Glioblastoma is the most common type of brain cancer in adult patients. Unfortunately, its outlook is too often grim. Most patients die within 12 to 18 months of diagnosis.

“We really haven’t moved the needle for glioblastoma in the last 30 years,” said Khalid Shah, PhD, who is the vice chair of neurosurgery and directs the Center for Stem Cell Therapeutics and Imaging at Brigham Health. “We’re still treating patients with chemo and radiation, and, eventually, these tumors just come back; something has to change.”

Now something is changing. Various teams across MGB are harnessing the tools of gene and cell therapy to develop novel treatments for glioblastoma. For example, Shah and his colleagues are wielding cancer cells as weapons against themselves. Their work draws inspiration from a surprising discovery nearly two decades ago, which found that cancer cells that have spread to distant sites in the body can find their way back to the original tumor. Shah’s team has taken this re-homing concept and, with the power of CRISPR genome-editing technologies to molecularly rewire patients own tumor cells, designed the cells to be cancer seekers and slayers. Now, Shah’s group has enhanced these cells, giving them dual cancer-killing and immunomodulatory properties, and are gearing up to test their experimental approach in a phase one clinical trial.

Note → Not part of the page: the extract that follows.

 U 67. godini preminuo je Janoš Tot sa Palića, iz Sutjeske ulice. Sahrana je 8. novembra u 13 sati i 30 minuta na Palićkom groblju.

“What the glioblastoma field needs is a cell therapy that not only kills tumor cells but also gives the body long-term immunity against the cancer so it doesn’t return,” said Shah, who is also a professor at Harvard Medical School. “That’s what we are building.”

Marcela Maus, MD, PhD, and her colleagues are also working on a novel cell therapy. Their focus: Developing next-generation CAR-T technologies that can target solid tumors like glioblastoma. CAR-T cells, which Maus’ team helped pioneer, first entered the clinic in 2017. The cells are created using patients’ own immune cells and are genetically engineered in the laboratory to give them therapeutic powers. They’ve proven remarkably potent for some forms of difficult-to-treat blood cancers, enabling some patients to survive for years cancer-free. Now, Maus has enhanced the cells, tweaking them to target not just one, but two molecules on glioblastoma cells. Such bispecificity should make the CAR-T cells better able to destroy solid tumors. The team is preparing to launch clinical trials later this year.

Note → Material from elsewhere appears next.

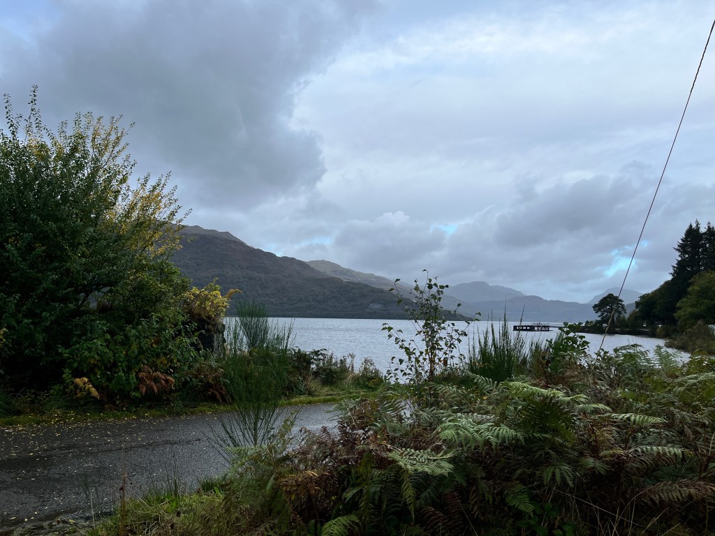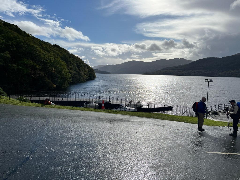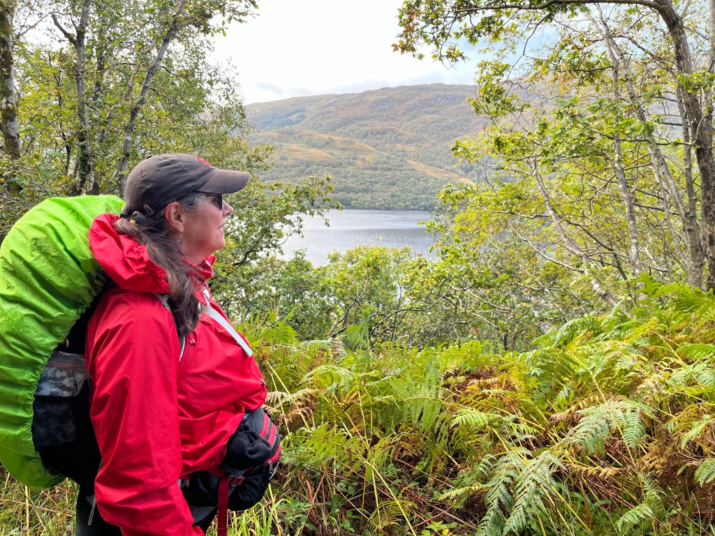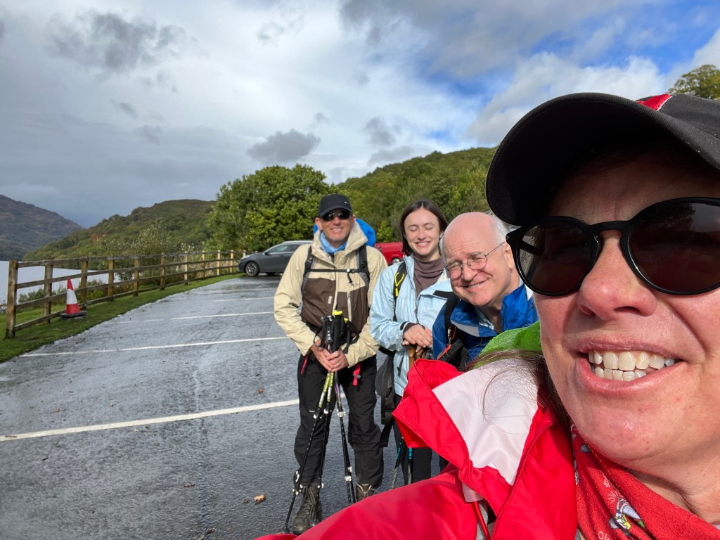 The sounds today were amazing. Not just today. We heard the wind whistling through the trees, blowing on our faces and through our clothes. We heard the lake lapping against the shore. We have walked all along Loch Lomond. I have driven beside this loch many times and thought it was endless. I never dreamed I would walk the length of it. We heard the waterfalls. Wow so many waterfalls to hear (and to cross over 😬)

“At Mass General Brigham, we’re incredibly lucky to have such amazing scientific and clinical talent right here,” said Maus, who is director of cellular immunotherapy at the MGH Cancer Center and an associate professor of medicine at Harvard Medical School. “We have all the talent we need to complete the therapeutic lifecycle — to sketch an idea on the whiteboard, test it in preclinical models, and then collaborate with colleagues in the hospital to bring it to patients.”

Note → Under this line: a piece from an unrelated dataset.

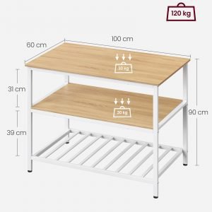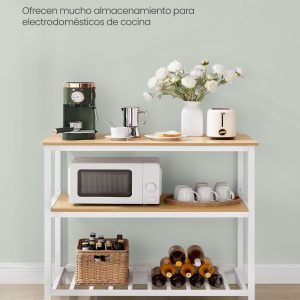 - Almacenamiento de Tres Niveles: Ofrece una organización eficiente con su estantería de tres niveles, perfecta para colocar una variedad de artículos desde teteras y electrodomésticos hasta cajas y utensilios.

Another Mass General Brigham team is also working on a new gene and cell therapy strategy to target glioblastoma. Nino Chiocca, MD, PhD, neurosurgeon-in-chief and chair of Neurosurgery at BWH, is designing specialized cancer-killing viruses to kill these tumors. Such oncolytic viruses have proven to be quite effective against melanoma, and now Chiocca and his colleagues are adapting them to target glioblastoma. Part of the enthusiasm for this approach lies in the observation that oncolytic viruses help recruit certain immune cells into glioblastoma tumors, transforming them from immunologically cold to hot. This transformation is critical for enabling tumors to respond to cancer immunotherapies, like checkpoint inhibitors. Now, in addition to testing oncolytic viruses in clinical trials, Chiocca’s team will also explore potential combinations with immunotherapy drugs.

“As scientists, we do a lot of research in the lab, but it rarely reaches patients,” said Chiocca, who is also the Harvey W. Cushing Professor of Neurosurgery at HMS. “It’s very exciting to see these potential therapies that could really make a difference for glioblastoma.”